September 24, 2008 / 9:51 PM / in 11 years

Obama rejects McCain's call to postpone debate

US Democratic presidential nominee Senator Barack Obama (D-IL) makes a statement to the press about his campaign following a telephone conversation with his opponent, Republican Senator John McCain, in Clearwater, Florida, September 24, 2008. REUTERS/Jason Reed

CLEARWATER, Florida (Reuters) - Democrat Barack Obama on Wednesday rejected opponent John McCain’s call to postpone the first U.S. presidential debate to work on legislation dealing with the worst U.S. financial crisis since the Great Depression.

Obama made the statement shortly after McCain, a Republican senator from Arizona, called for Friday’s debate to be postponed and said he would suspend his campaign to help work out agreement among lawmakers on a proposed $700 billion financial bailout plan.

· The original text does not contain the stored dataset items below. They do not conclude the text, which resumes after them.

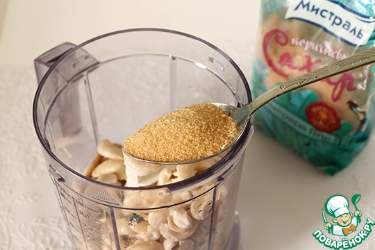 Добавить 2 ст. л. сахара и пробить в блендере, чтобы орехи немного измельчились.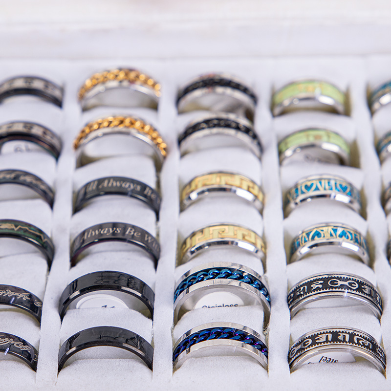 Popular Stainless Steel Mixed Ring Six-Character Mantra Ring European and American Jewelry Couple Ring Multi-Style Rotatable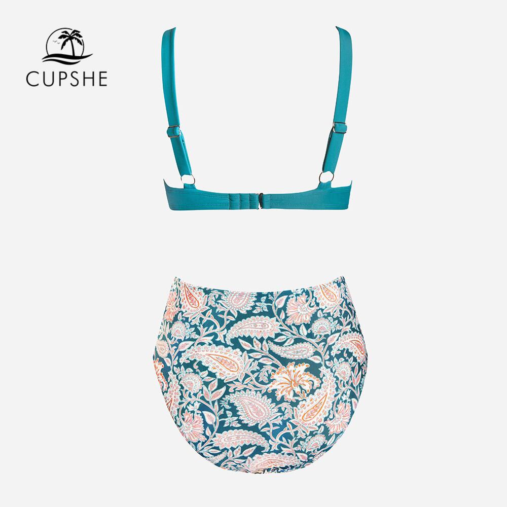 送料無料 CUPSHE スカラップウエストビキニセット水着女性花セクシーな V ネック 2 枚ビーチウェア 2023 水着水着 花柄 Vネック AE121266554739100818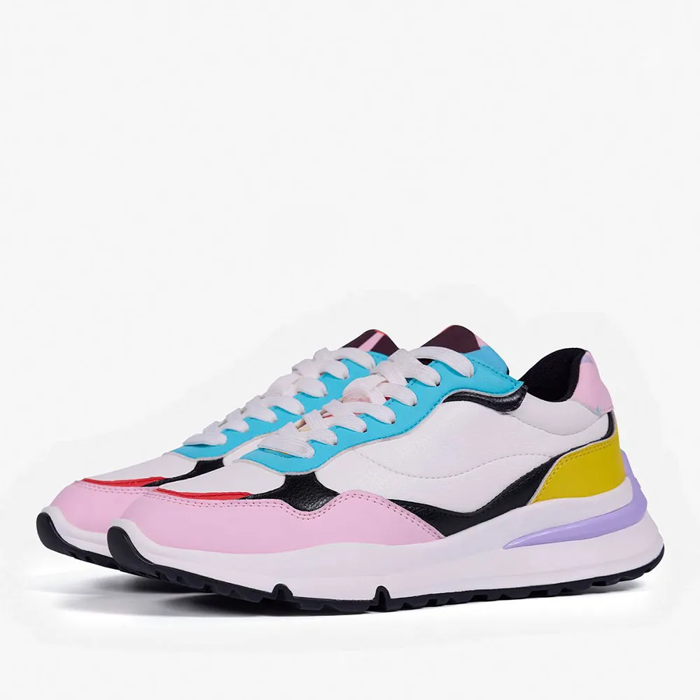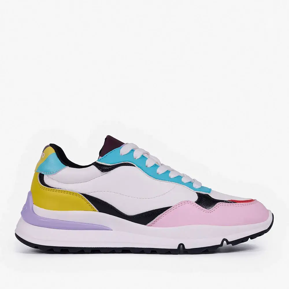 Разноцветные кроссовки изготовлены из кожи высочайшего качества.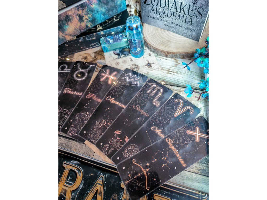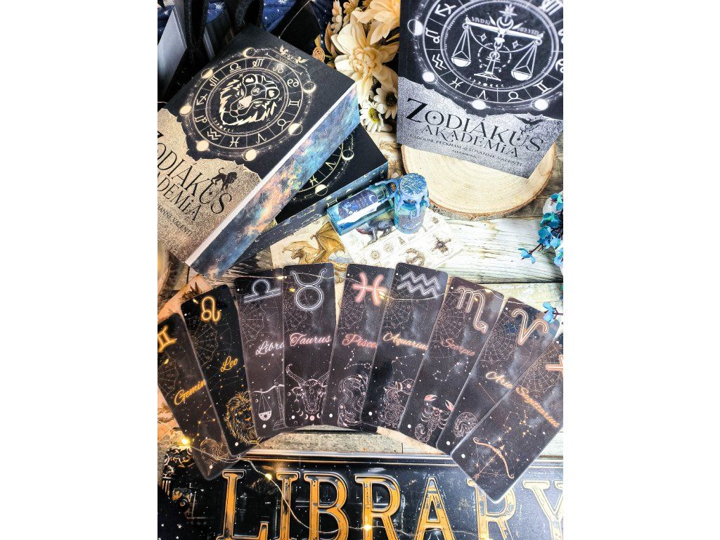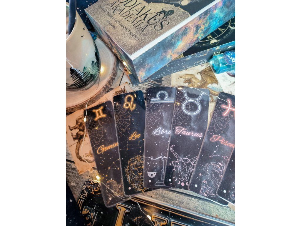 Enter the world of the Zodiac Academy with this special laminated bookmark set, inspired by the popular fantasy novel. The package contains three bookmarks featuring the **Gemini, Leo, and Libra** (Ikrek, Oroszlán, and Mérleg) zodiac signs.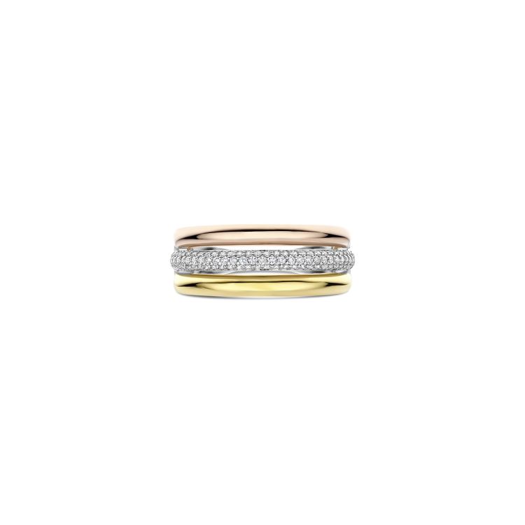 Deze statement ring is volledig on trend dankzij het tricolor design en laat zich moeiteloos combineren met andere sieraden. Draag de ring solo als stijlvol accent of combineer hem met andere ringen voor een gelaagde look. Door de mix van kleuren past deze ring bij uiteenlopende stijlen en momenten. 12427TZ Circles & Cross-over ring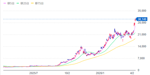 キオクシア株価、初の3万円台 連日で上場来高値を更新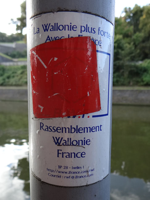 Namur’s nearby citadel called out from high, we answered, walking straight for it along the waterway until the lure of a heaving Saturday morning market proved too strong. Southern Belgium feels to me like a long lost part of France, not just the language, but other things. A lamppost sticker appeared to say ‘we’d be better off if we were part of France lads’. A leaflet handed over to us angrily demands a minimum €1500/month pension, and a 75% of average salary (over the highest five years of the career) for private sector workers. The market stalls lay out immaculate fruit, cured meats, tiny-to-huge cheese families and, what’s this? Goats?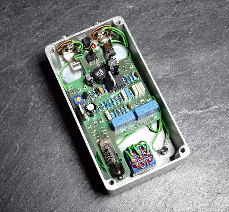 Nur meine kleine Erfahrung mit Röhrentretern: Ich hatte mal den GP Lightstone Emperor. Der hatte 3 x 12AX7 drin. Das Ding wurde im Dauerbetrieb schön heiß. Also 1s Berührung ging noch. Aber das Innenleben, der LDO und (+Kondensator) vor allem, der den Heizstrom zur Verfügung stellte, wurde schweinewarm. Darunter litt dann auch die HV-Spannungsversorgung (Nebengeräusche -> nix Studioqualität). Alles extrem dicht gepackt. Und riesig war das Ding dann trotzdem noch. Röhren und Treten soll einfach nicht zusammenpassenIrgendwie bin ich auf den Geschmack gekommen, es mal mit Röhrentretern zu versuchen...
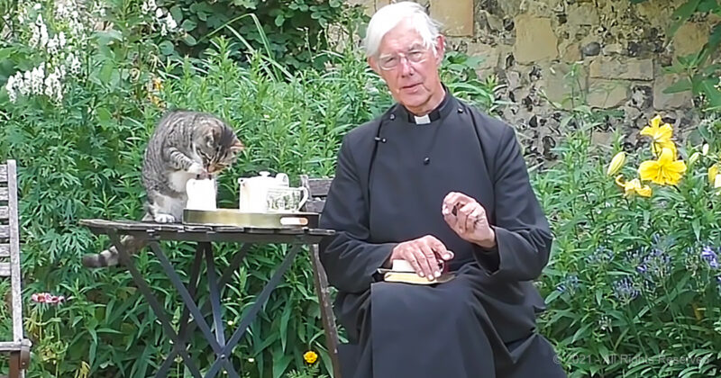 A cat reminds us that no matter who you are, cats will do as they please. During morning prayer service, the Dean’s own cat strides onto the set like he owns the place, which he probably does, and helps himself to some of the unprotected mugs of milk.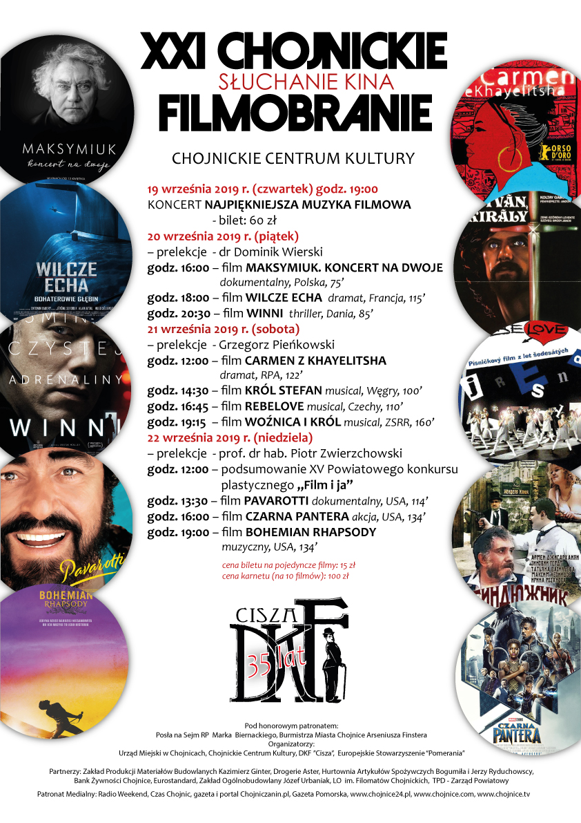 Organizatorzy:Urząd Miejski w Chojnicach, Chojnickie Centrum Kultury, DKF "Cisza", Europejskie Stowarzyszenie "Pomerania"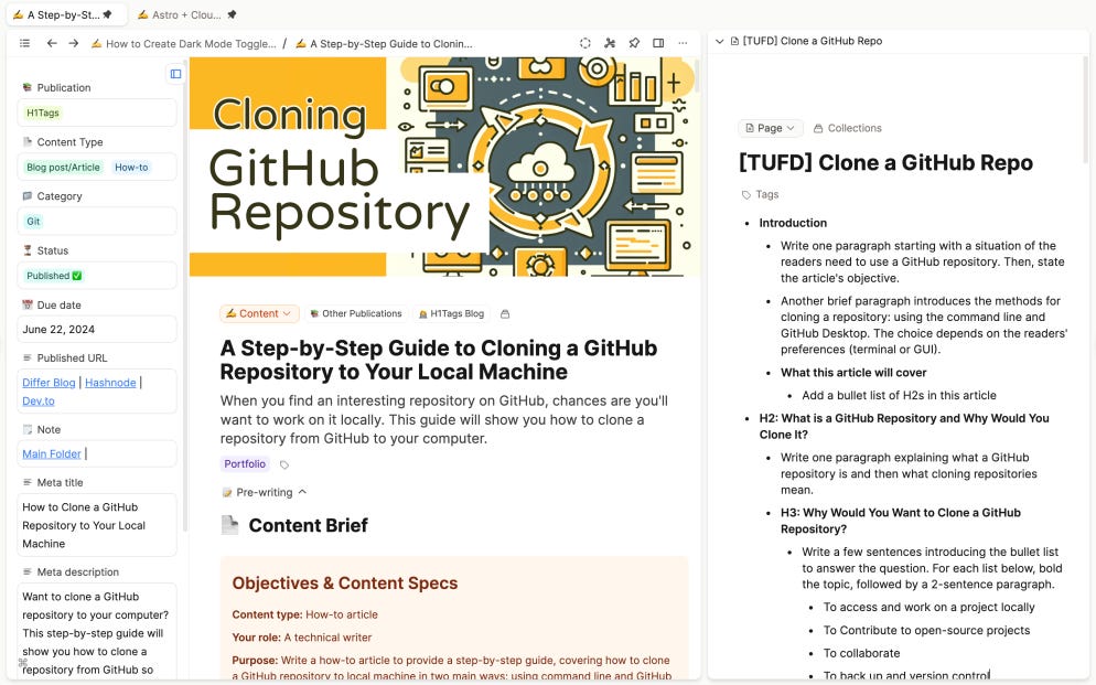 This includes content briefs (i.e., content type, objectives, target audience), outlines, and maybe research notes.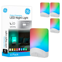 Always dream in color when you fall asleep with the GE-branded Color-Changing Night Light. The lights soft glow is perfect for evening routines or helping kids get to sleep - theres also a variety of colorful lighting options! Choose between three different modes: solid color, color-changing and soft white. In solid-color mode, light up your dark room or hallway with one of eight vibrant colors. In color-changing mode, enjoy all the colors as they slowly fade from one to the next. For normal illumination, just opt for the white light mode. Theres no need to unplug the night light during the day - the lights sensor automatically turns the night light on when the room gets dark - ON at dusk, OFF at dawn. To turn the night light off manually, simply push the button located at the base of the light. Featuring a sleek design, the compact size only takes up a single receptacle in an outlet, leaving the second free for use. Ideal in bedrooms, staircases, hallways, bathrooms and more, guide your way with the GE-branded Color-Changing Night Light.

“What I’m planning to do now is debate on Friday,” Obama said from the hotel where he has been preparing for the debate.

“It’s my belief that this is exactly the time when the American people need to hear from the person who in approximately 40 days will be responsible for dealing with this mess,” he said. “I think that it is going to be part of the president’s job to deal with more than one thing at once.”

Obama said he had told congressional leaders who are trying to hammer out an agreement on the bailout plan that he was prepared to go to Washington if it would help.

“What is important is that we don’t suddenly infuse Capitol Hill with presidential politics.”

Obama said he called McCain early on Wednesday to suggest the two presidential candidates issue a joint statement aimed at taking a bipartisan approach to the bailout plan.

McCain called him back this afternoon and said he was interested in issuing a statement.

Obama said he was surprised that McCain made the announcement that he was suspending his campaign and wanted to postpone the debate. Obama said he thought the two men would first issue the joint statement before making any other moves.